Venue owners and operators are often armed with defenses, such as assumption of the risk, in negligence actions that are brought by spectators injured by errant baseballs and flying pucks. Spectators, however, may not consent to reckless or intentional conduct by other spectators.

When spectators injure other spectators under these circumstances, the exculpatory language set forth on the spectator’s ticket may be void and against public policy. To assess and prevent potential liability, a prudent venue owner or operator should understand the underlying legal concepts.

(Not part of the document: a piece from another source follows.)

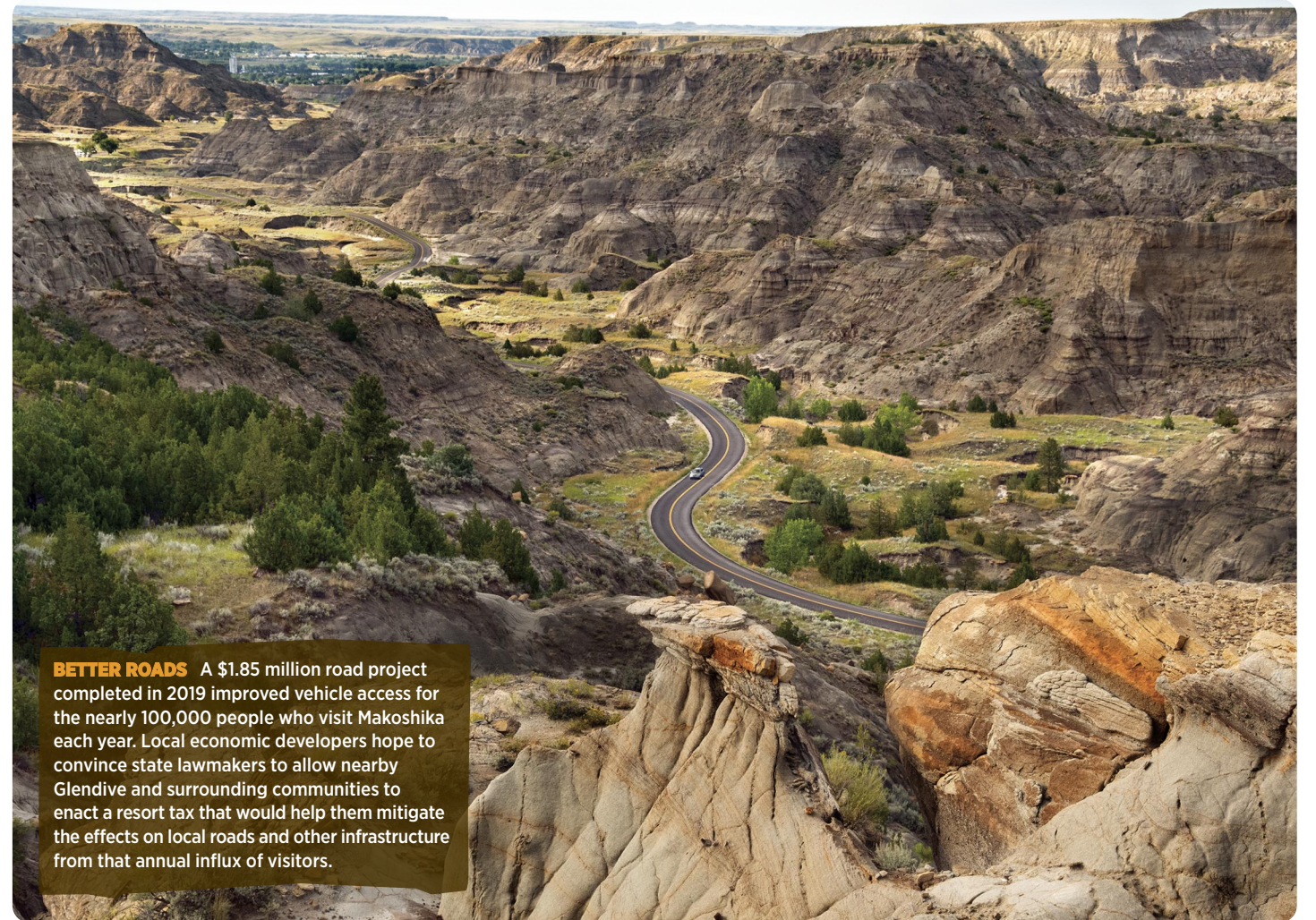
BETTER ROADS A $1.85 million road project completed in 2019 improved vehicle access for the nearly 100,000 people who visit Makoshika each year. Local economic developers hope to convince state lawmakers to allow nearby Glendive and surrounding communities to enact a resort tax that would help them mitigate the effects on local roads and other infrastructure from that annual influx of visitors.

With this understanding, an effective security program and enhanced risk management strategies can be developed. This can diminish the potential exposure of a venue owner or operator, and at the same time, support the defense of negligence actions brought against him.

Defining Terms
A negligence action requires proof of a duty owed, a breach of that duty and damages proximately flowing from that breach. In the context of whether a venue owner or operator is liable when one spectator negligently or intentionally harms another spectator, a court will consider whether it had a duty to protect the spectator, whether it breached that duty and whether the breach of the putative duty was the proximate cause (or “substantial factor”) in bringing about the alleged damages.

Spectators are “business invitees” — i.e., persons invited to the premises for a mutually beneficial purpose. Concession vendors, media personnel and field entertainers have been classified as “spectators” for the purpose of determining liability. See e.g. Gallagher v. Cleveland Browns Football Co., 638 N.E.2d 1082 (Ohio Ct. App. 1982): Television station videographer — injured at a football game when a player ran into him — was held to be a spectator who assumed the risk of injury.

“Concession vendors, media personnel and field entertainers have been classified as ‘spectators’ for the purpose of determining liability.”

The duty of care owed to business invitees is known as reasonable care under the circumstances. This standard is deceptively simple: Although the possessor isn’t an insurer of a spectator’s safety, the possessor has a duty to exercise reasonable care if the possessor knows, or should have known, of a potentially dangerous condition. See e.g. the Restatement (Second) of Torts (1965) (the “Restatement”), Sections 343 and 343A, regarding the duty of care owed to business invitees. When a spectator harms another spectator through his or her violent conduct, this standard can become a fine (and sometimes confusing) line.

What Is Foreseeable?
The primary inquiry is what is foreseeable under the circumstances. Although the courts have articulated several “tests,” such as whether there is evidence of prior similar acts, forseeability essentially boils down to whether the owner or operator could have anticipated the violent conduct (although it need not have foreseen the exact conduct at issue).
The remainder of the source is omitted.